#### Extracted records:
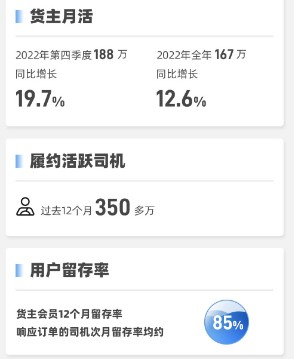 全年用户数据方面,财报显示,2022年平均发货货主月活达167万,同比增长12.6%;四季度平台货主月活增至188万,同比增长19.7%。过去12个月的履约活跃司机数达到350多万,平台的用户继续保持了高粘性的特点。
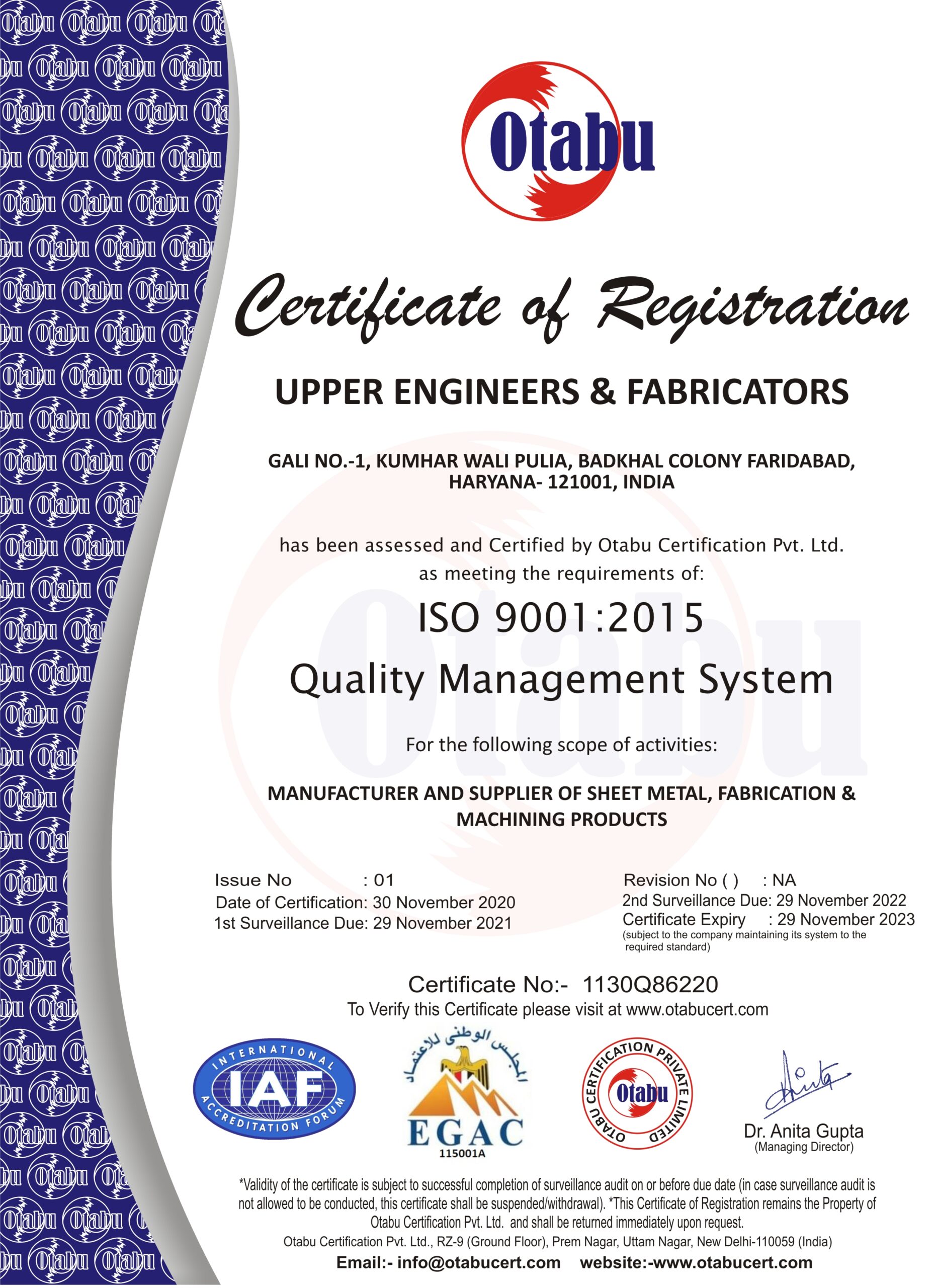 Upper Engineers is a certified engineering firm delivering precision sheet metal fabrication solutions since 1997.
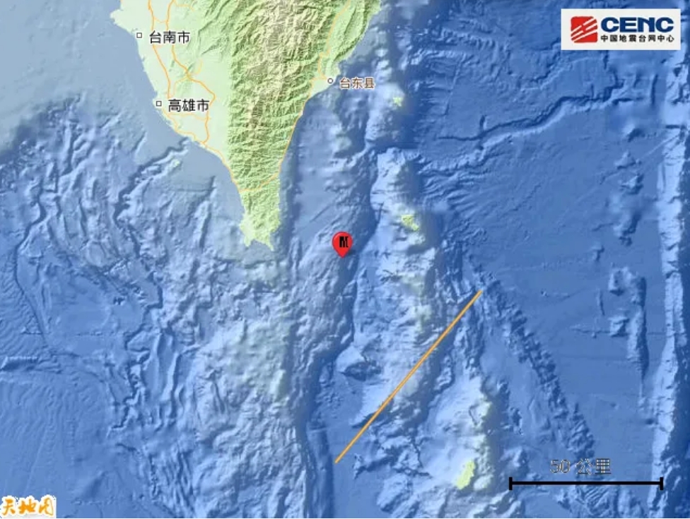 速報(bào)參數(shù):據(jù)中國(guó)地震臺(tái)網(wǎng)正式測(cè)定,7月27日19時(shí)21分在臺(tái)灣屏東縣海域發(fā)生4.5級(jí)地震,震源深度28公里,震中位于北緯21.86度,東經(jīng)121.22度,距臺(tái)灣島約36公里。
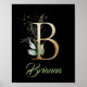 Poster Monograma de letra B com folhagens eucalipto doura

...

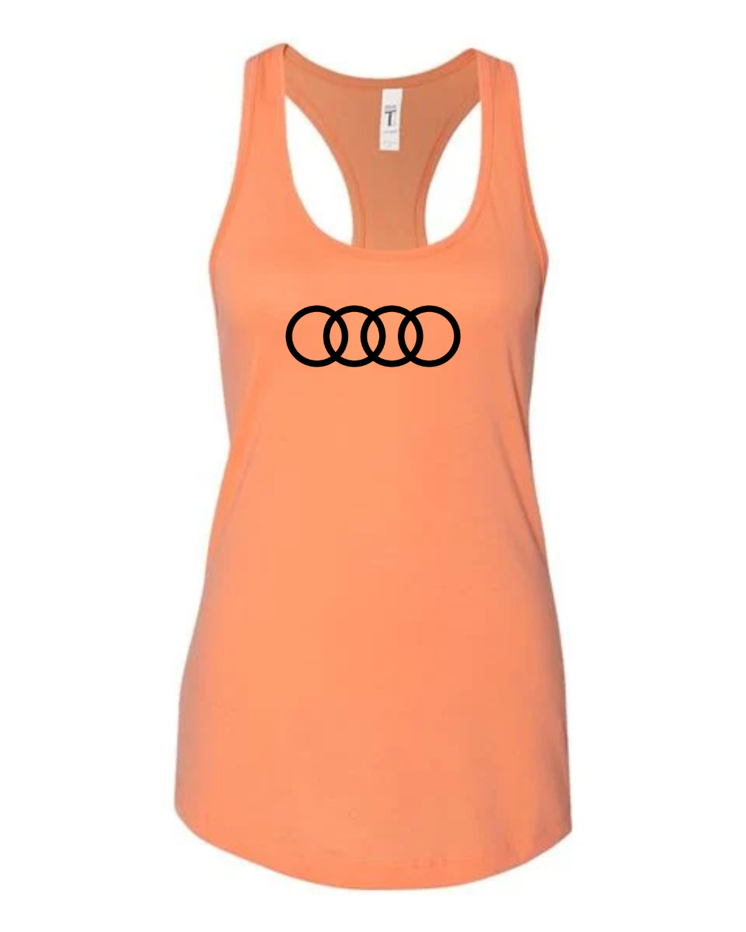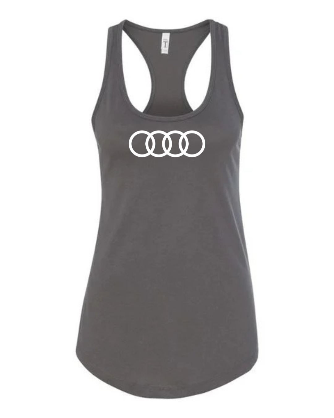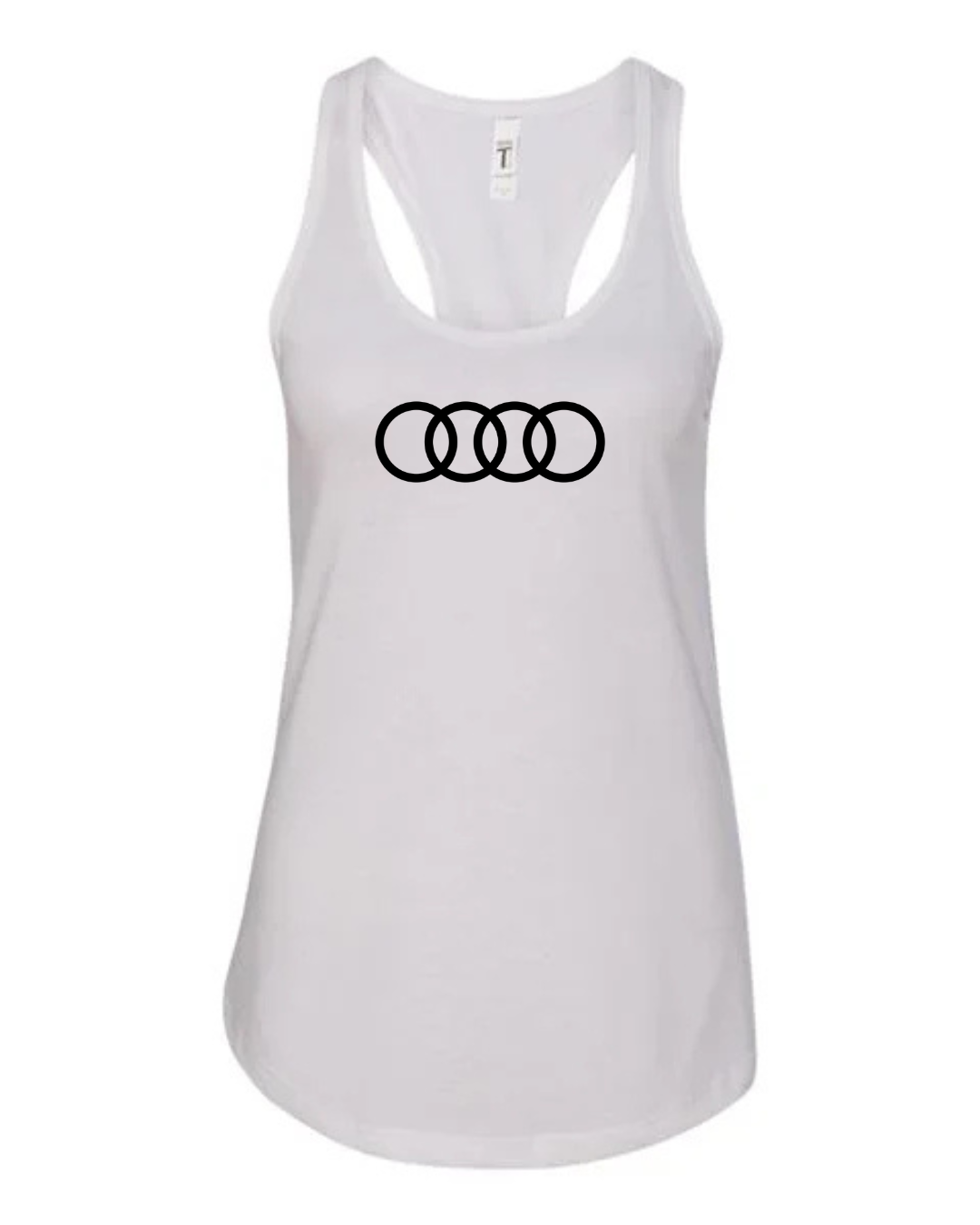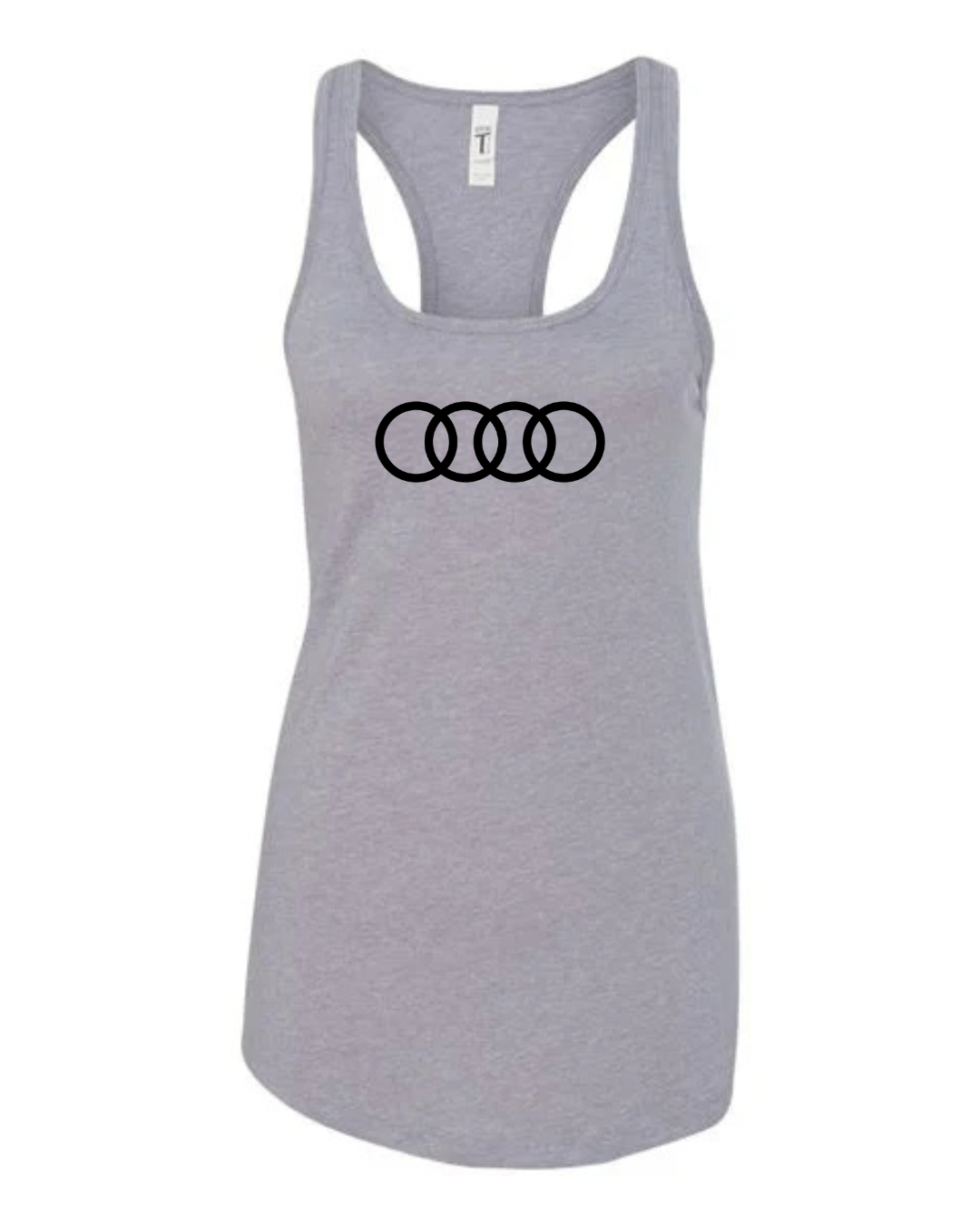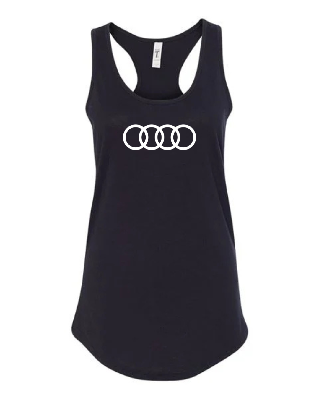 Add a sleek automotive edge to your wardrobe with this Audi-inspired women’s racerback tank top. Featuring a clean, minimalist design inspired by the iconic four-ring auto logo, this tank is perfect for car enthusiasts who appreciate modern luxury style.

#### Your instructions:
Pictures excluded, give again exactly and only the lines of the material above from the line with "全年用户数据方面,财报显示,2022年平" through the line with "Poster Monograma de".

#### Answer section:
 全年用户数据方面,财报显示,2022年平均发货货主月活达167万,同比增长12.6%;四季度平台货主月活增至188万,同比增长19.7%。过去12个月的履约活跃司机数达到350多万,平台的用户继续保持了高粘性的特点。
 Upper Engineers is a certified engineering firm delivering precision sheet metal fabrication solutions since 1997.
 速報(bào)參數(shù):據(jù)中國(guó)地震臺(tái)網(wǎng)正式測(cè)定,7月27日19時(shí)21分在臺(tái)灣屏東縣海域發(fā)生4.5級(jí)地震,震源深度28公里,震中位于北緯21.86度,東經(jīng)121.22度,距臺(tái)灣島約36公里。
 Poster Monograma de letra B com folhagens eucalipto doura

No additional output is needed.